Additionally, clinicians are encouraged to confirm mediastinal lymph node status in patients with stage III NSCLC who plan for curative-intent treatment. Confirmation should be made using pathologic assessment with endoscopic techniques. In patients with resected stage III NSCLC who are to undergo multimodality treatment (surgical resection and systemic neoadjuvant therapy), the guideline recommends offering adjuvant platinum-based chemotherapy in those who did not initially receive neoadjuvant systemic therapy.
Concurrent chemotherapy and radiation therapy is recommended as the “treatment of choice” for patients with stage III NSCLC who are medically or surgically inoperable and have a good performance status, whereas those who are deemed not suitable for the concurrent regimen should be offered sequential chemotherapy and radiation therapy.

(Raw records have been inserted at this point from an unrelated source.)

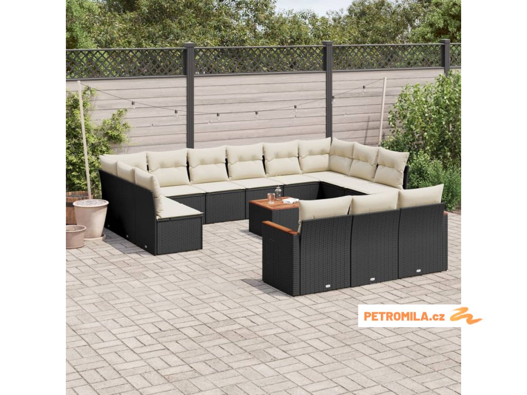 14dílná zahradní sedací souprava s poduškami černá polyratan
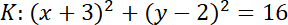 Okrąg K posiada środek w punkcie S(-3, 2) oraz promień r = 4.
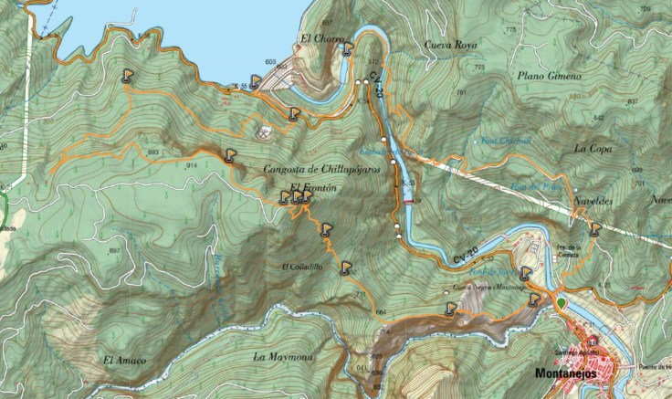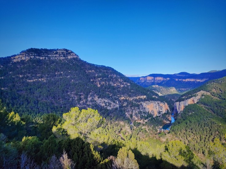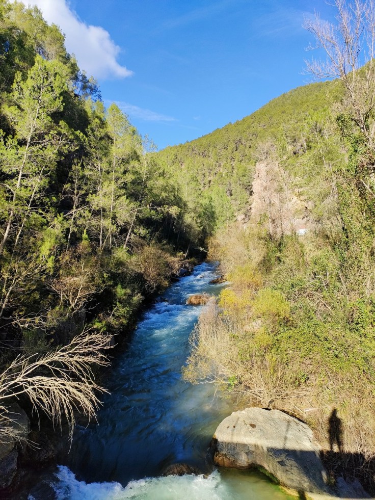 Tras pasar por El Chorro, el camino se introduce ahora en los Estrechos del Mijares, un tramo muy bonito de senda que discurre paralela al río. Cruzaremos una pasarela y nos elevaremos al otro lado del río pasando por encima del pequeño embalse de Cirat.

Recommendations were also made on dose/technique of radiation delivery. For instance, the guideline recommends that patients receiving concurrent chemoradiation should be treated to 60 Gy. Although doses higher than 60 Gy and at a maximum of 70 Gy may be an option for some patients, the guideline committee suggests that clinicians should monitor the heart, lungs, and esophagus to mitigate the risk of excessive morbidity and mortality associated with therapy.
One of the key recommendations in the guideline, according to Dr. Daly, is the support for consolidation durvalumab for up to 12 months following concurrent chemoradiation. This is based on a marked survival benefit with the durvalumab-based approach observed in the randomized phase III PACIFIC trial.2
Additionally, recent data from the ADAURA trial informed a recommendation on the use of adjuvant osimertinib after platinum-based chemotherapy, particularly in patients with EGFR exon 19 deletion or exon 21 L858R.3 “Thus, this new guideline incorporates targeted therapy and immunotherapy—the two latest pillars of treatment—apart from the conventional treatment modalities, such as surgery, chemotherapy, and radiation,” Dr. Singh said.

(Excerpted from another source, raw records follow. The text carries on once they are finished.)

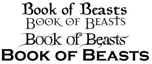 The font below that one to me says “Gothic Horror.” It makes me think of Dracula and all the classic horror stories we geeks grew up on. That’s good, but I’m not sure if that is what I am looking for with this one. I will admit, since I used it in Book of Beasts: Wandering Monsters 1 as the logo, this font might be chosen. Branding is important.
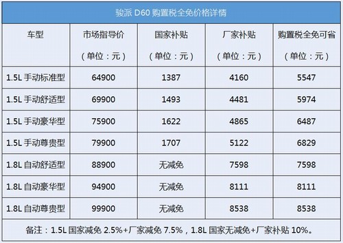 春风和煦,万物复苏,车市回暖。从3月1日起,凡购买天津一汽骏派全系车型的消费者,均可享受零购置税的优惠政策,即厂家将为用户提供车辆购置税的全额补贴。其中C-NCAP五星安全碰撞SUV标杆的骏派D60和高颜值、大空间、德系操控的骏派A70可享受最高8500元的购置税减免。 从2017年开始实行的购置税新规当中,对1.6L及以下排量的车型征收7.5%的购置税。天津一汽骏派发布购置税全免的政策,让消费者完全消除了缴纳购置税的后顾之忧。 骏派D60全系包括1.5L手动挡和1.8L自动挡共7款车型,最高可获得约8538元的购置税补贴。其中三款1.8L车型并不在今年国家补贴的政策范围内,厂家还是按10%的税率将购置税全免。骏派A70全系包括1.6L手动挡和1.6L自动挡共6款车型,最高可获得约5628元的购置税补贴。此外,在活动期间面向到店赏车的全国消费者,还可获得骏派为您精心准备的三重大礼。 骏派D60全系包括1.5L手动挡和1.8L自动挡,共7款车型。下表为骏派D60购置税全免后的价格详情: 骏派D60在外观上出自意大利宾法团队之手,整体动感流畅,给人带来强烈的视觉冲击。C-NCAP五星安全碰撞标杆,丰田动力+爱信变速箱带来富有激情的操控体验。 |
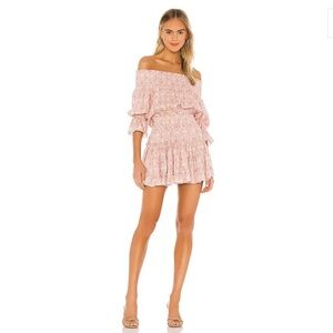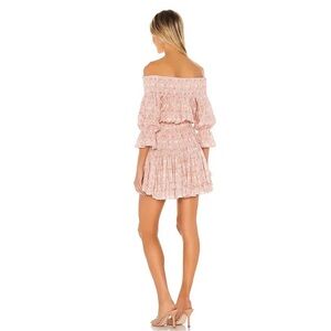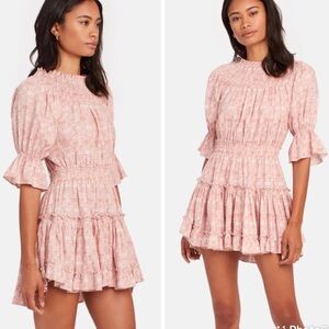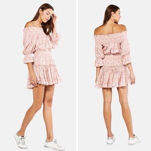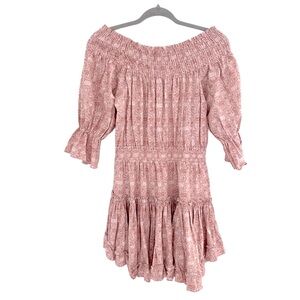 NWOT NEW MISA Off-Shoulder Mini Boho Cinched Cottagecore Sundress Sleeves S

The guideline committee also emphasized the importance of multidisciplinary decision-making in the care process. “Treatment of stage III NSCLC includes many specialists, including medical and radiation oncologists, thoracic surgeons, pulmonologists, radiologists, and pathologists,” Dr. Daly said. “As such, the inclusion of a multidisciplinary team is critical.”
Additional Questions Remain
Dr. Daly noted that additional well-designed studies with modern radiation, systemic therapy, and surgical techniques are needed to further define which patients with stage III NSCLC may benefit from the inclusion of surgery in their management. “Ongoing studies should also help address any role for immunotherapy concurrent with chemoradiation and/or with resectable disease,” she said.
Further research is also needed to clarify patient selection for immunotherapy. The guideline authors also stated that patient selection for consolidative immunotherapy is not clearly defined, suggesting future studies may help inform future recommendations on this approach in the context of stage III NSCLC.
1. Daly ME, Singh N, Ismaila N, et al: Management of stage III NSCLC: ASCO guideline. J Clin Oncol. December 22, 2021 (early release online).
2. Faivre-Finn C, Vicente D, Kurata T, et al: Four-year survival with durvalumab after chemoradiotherapy in stage III NSCLC: An update from the PACIFIC trial. J Thorac Oncol 16:860-867, 2021.
3. Wu YL, Tsuboi M, He J, et al: Osimertinib in resected EGFR-mutated non-small-cell lung cancer. N Engl J Med 383:1711-1723, 2020.